WORK TO COMPLETE
Only the pictures are to be left out; return the rest of the data exactly as it stands.

GIVEN DATA
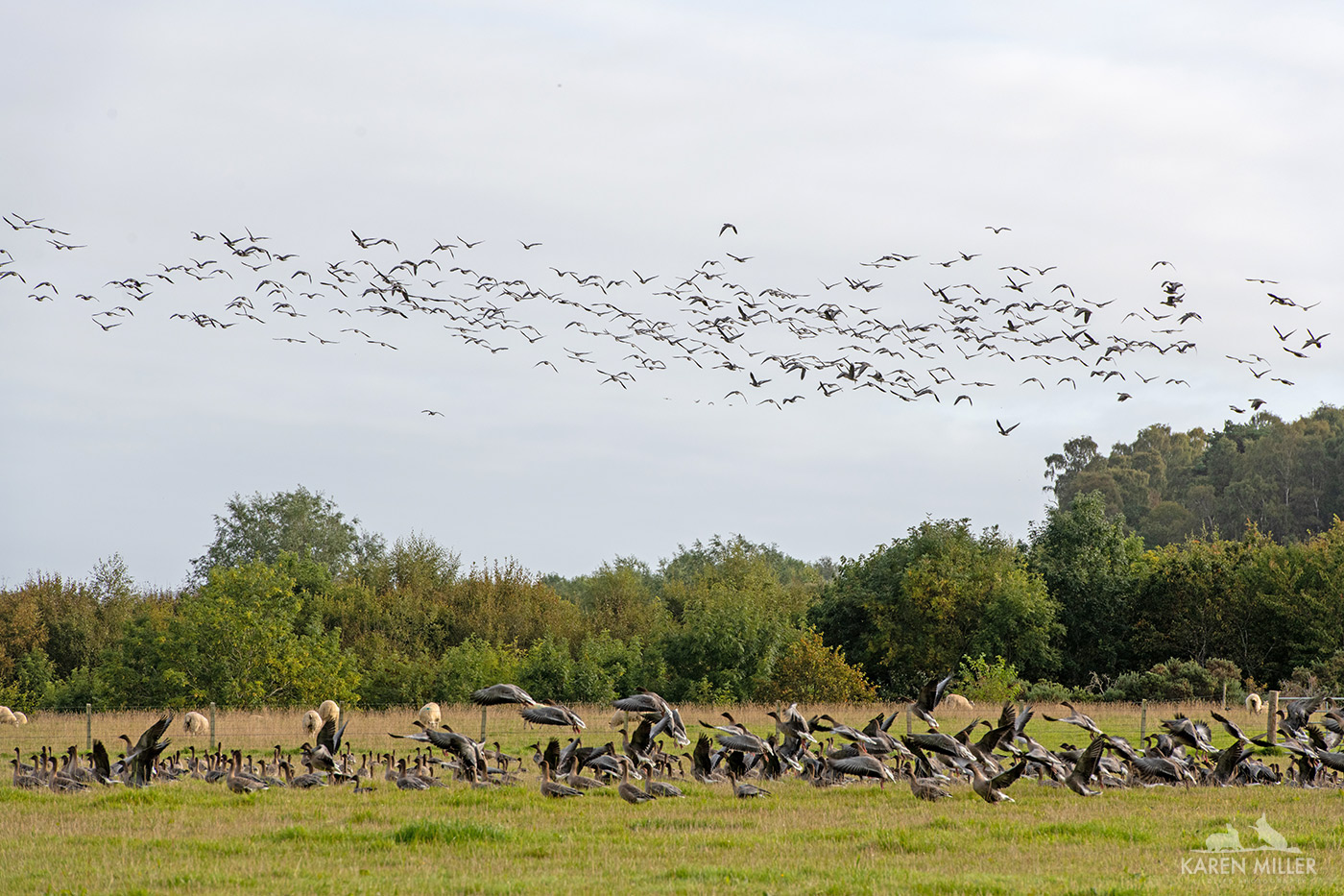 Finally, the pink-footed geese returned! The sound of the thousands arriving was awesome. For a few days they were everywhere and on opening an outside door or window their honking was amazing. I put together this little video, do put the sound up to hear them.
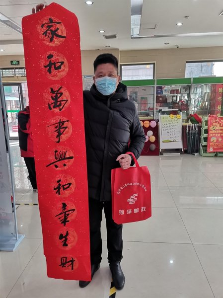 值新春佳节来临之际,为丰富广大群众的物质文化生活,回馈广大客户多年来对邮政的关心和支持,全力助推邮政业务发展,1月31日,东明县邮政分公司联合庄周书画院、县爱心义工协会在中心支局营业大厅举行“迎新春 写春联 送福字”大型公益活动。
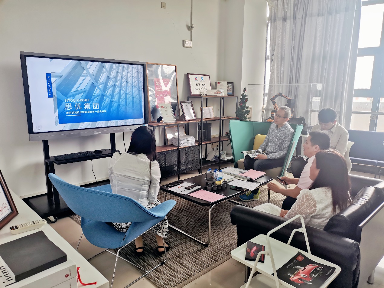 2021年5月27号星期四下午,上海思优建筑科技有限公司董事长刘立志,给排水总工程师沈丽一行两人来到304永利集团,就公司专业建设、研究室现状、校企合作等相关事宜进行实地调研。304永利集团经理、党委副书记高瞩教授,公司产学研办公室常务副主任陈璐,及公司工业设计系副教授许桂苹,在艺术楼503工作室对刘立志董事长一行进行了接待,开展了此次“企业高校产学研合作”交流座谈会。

RESPONSE FOR THIS EXERCISE
 Finally, the pink-footed geese returned! The sound of the thousands arriving was awesome. For a few days they were everywhere and on opening an outside door or window their honking was amazing. I put together this little video, do put the sound up to hear them.
 值新春佳节来临之际,为丰富广大群众的物质文化生活,回馈广大客户多年来对邮政的关心和支持,全力助推邮政业务发展,1月31日,东明县邮政分公司联合庄周书画院、县爱心义工协会在中心支局营业大厅举行“迎新春 写春联 送福字”大型公益活动。
 2021年5月27号星期四下午,上海思优建筑科技有限公司董事长刘立志,给排水总工程师沈丽一行两人来到304永利集团,就公司专业建设、研究室现状、校企合作等相关事宜进行实地调研。304永利集团经理、党委副书记高瞩教授,公司产学研办公室常务副主任陈璐,及公司工业设计系副教授许桂苹,在艺术楼503工作室对刘立志董事长一行进行了接待,开展了此次“企业高校产学研合作”交流座谈会。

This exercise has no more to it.